━━ Recorded data ━━

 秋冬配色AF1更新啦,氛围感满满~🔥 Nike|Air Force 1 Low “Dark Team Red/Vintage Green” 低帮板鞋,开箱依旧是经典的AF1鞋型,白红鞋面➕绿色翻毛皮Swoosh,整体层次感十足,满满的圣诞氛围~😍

━━━
━━ Recorded data ━━

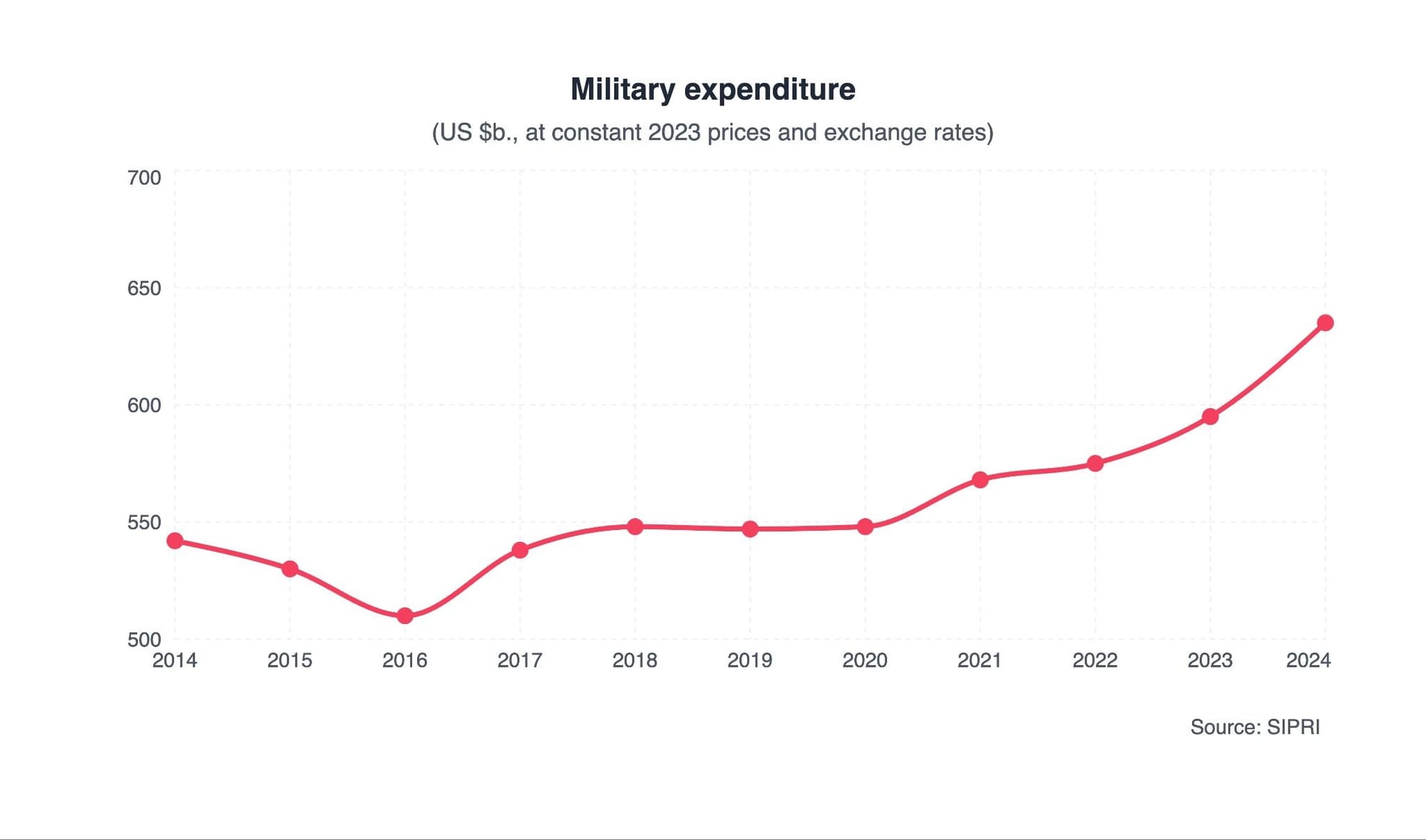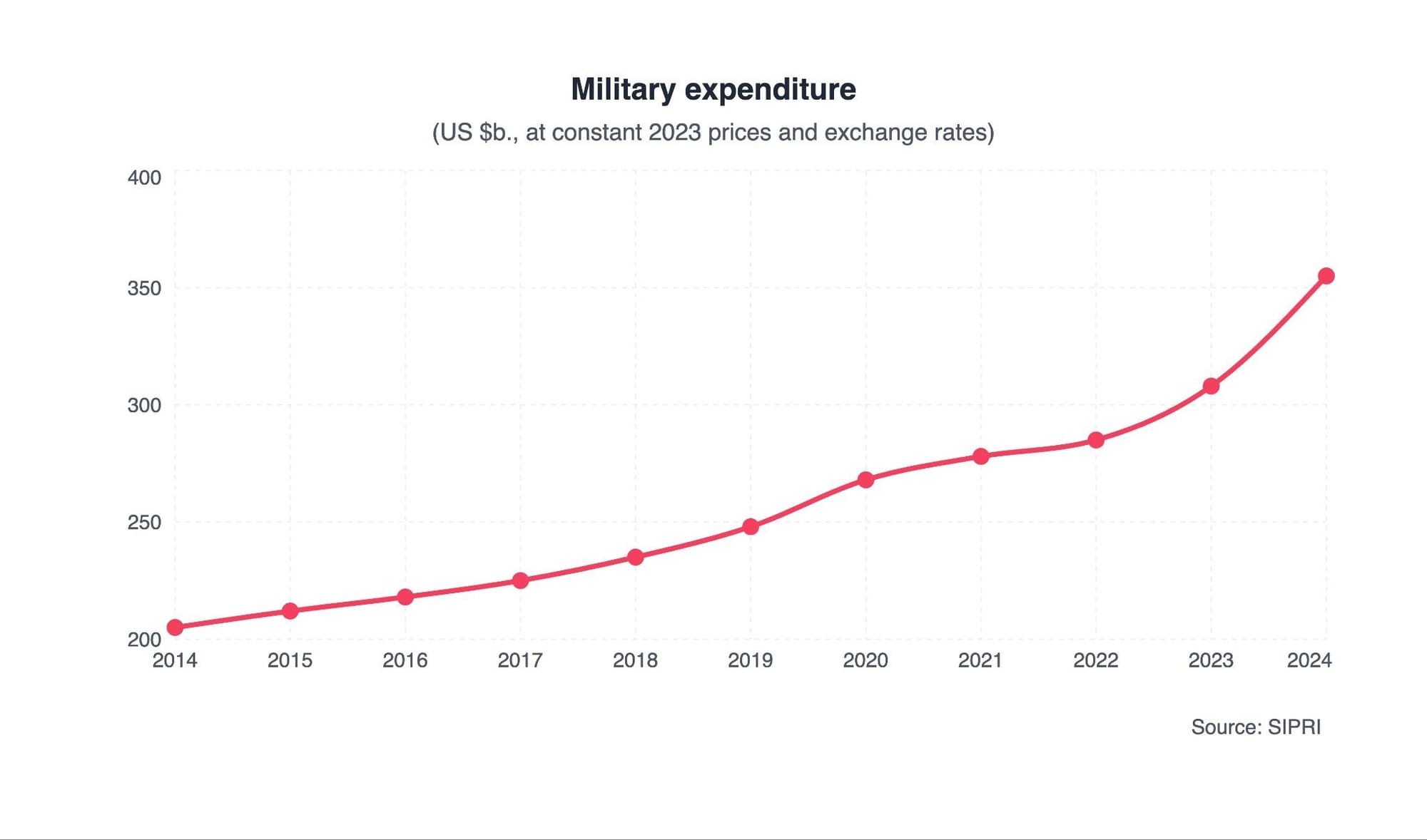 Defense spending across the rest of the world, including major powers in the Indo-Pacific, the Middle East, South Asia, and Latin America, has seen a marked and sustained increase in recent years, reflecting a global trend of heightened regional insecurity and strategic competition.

━━━
━━ Recorded data ━━

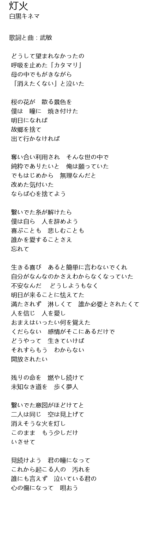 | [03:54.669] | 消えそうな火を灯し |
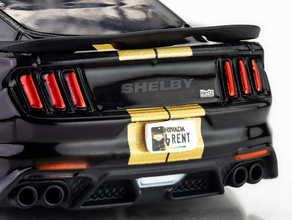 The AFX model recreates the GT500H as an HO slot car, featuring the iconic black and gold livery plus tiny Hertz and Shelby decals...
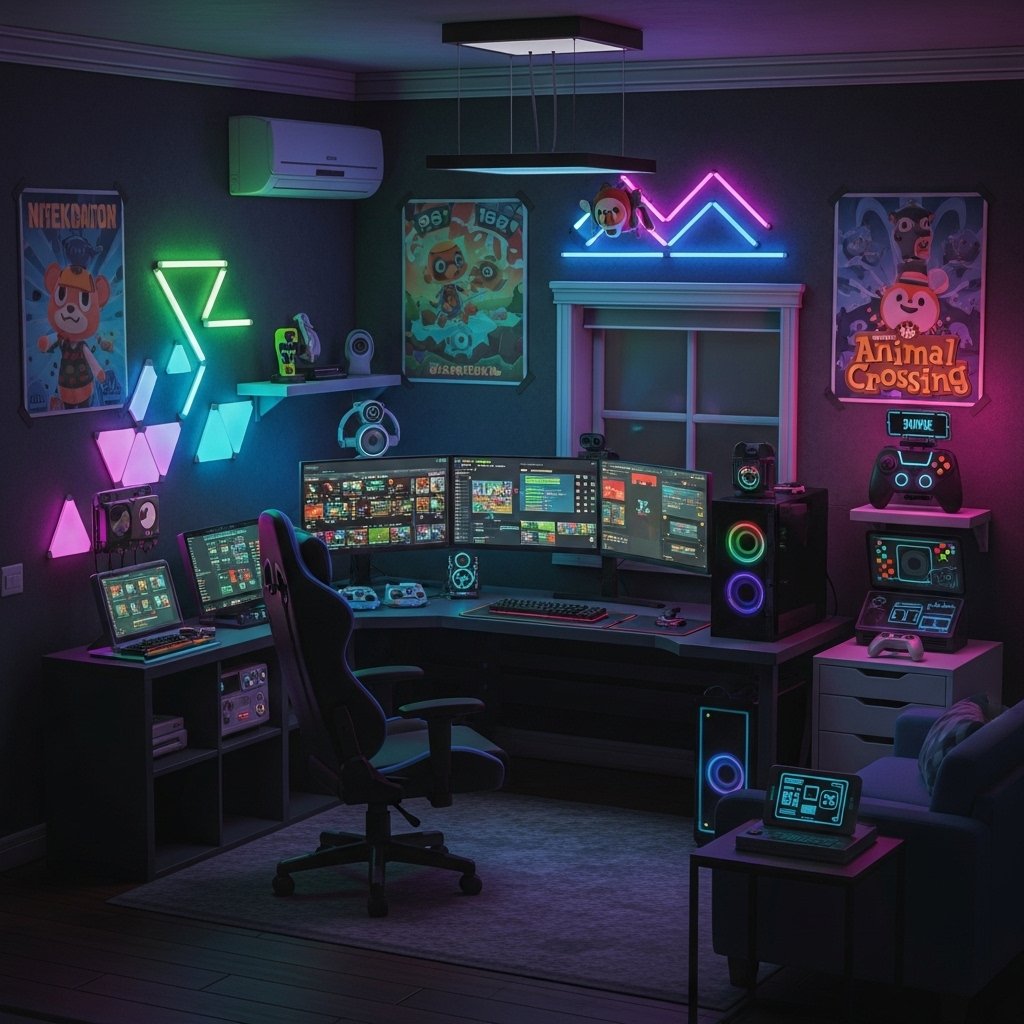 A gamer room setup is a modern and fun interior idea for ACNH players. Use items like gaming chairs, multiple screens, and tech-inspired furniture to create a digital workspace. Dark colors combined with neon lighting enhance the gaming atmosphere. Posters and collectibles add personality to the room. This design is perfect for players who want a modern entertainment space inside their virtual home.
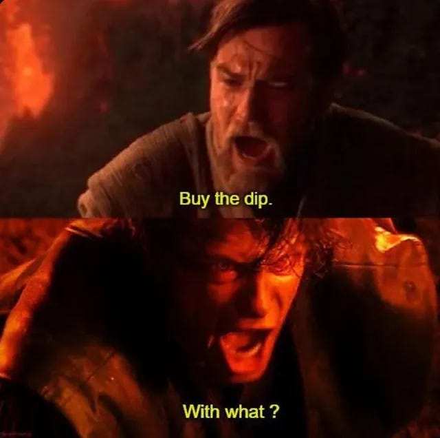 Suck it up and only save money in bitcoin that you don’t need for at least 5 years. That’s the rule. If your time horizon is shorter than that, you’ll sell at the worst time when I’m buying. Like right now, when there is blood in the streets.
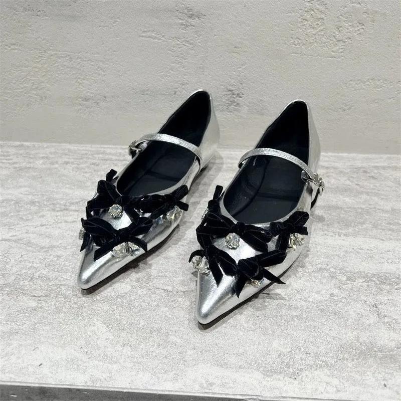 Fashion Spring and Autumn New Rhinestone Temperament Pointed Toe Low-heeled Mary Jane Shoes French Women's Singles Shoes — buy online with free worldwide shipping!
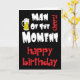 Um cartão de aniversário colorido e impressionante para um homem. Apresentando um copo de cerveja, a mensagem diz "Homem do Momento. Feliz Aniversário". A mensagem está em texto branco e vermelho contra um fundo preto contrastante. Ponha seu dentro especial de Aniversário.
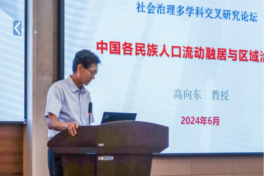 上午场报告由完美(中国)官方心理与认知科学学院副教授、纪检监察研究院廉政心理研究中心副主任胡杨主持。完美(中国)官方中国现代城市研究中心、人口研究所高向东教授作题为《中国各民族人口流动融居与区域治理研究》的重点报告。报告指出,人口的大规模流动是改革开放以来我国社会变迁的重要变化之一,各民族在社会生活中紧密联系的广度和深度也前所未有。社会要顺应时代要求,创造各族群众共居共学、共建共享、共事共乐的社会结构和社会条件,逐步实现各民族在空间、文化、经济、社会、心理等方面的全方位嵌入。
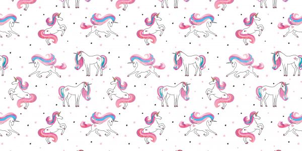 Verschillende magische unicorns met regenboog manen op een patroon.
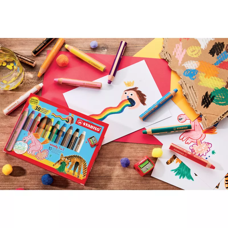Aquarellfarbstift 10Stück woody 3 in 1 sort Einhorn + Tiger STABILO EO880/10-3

━━━

* [About this exercise]: Repeat exactly the lines above, beginning at the one containing "[03:54.669] | 消えそうな火を灯し |" and ending at the one containing "The AFX model". Do not carry over any pictures.

* [Your response]:
 | [03:54.669] | 消えそうな火を灯し |
 The AFX model recreates the GT500H as an HO slot car, featuring the iconic black and gold livery plus tiny Hertz and Shelby decals...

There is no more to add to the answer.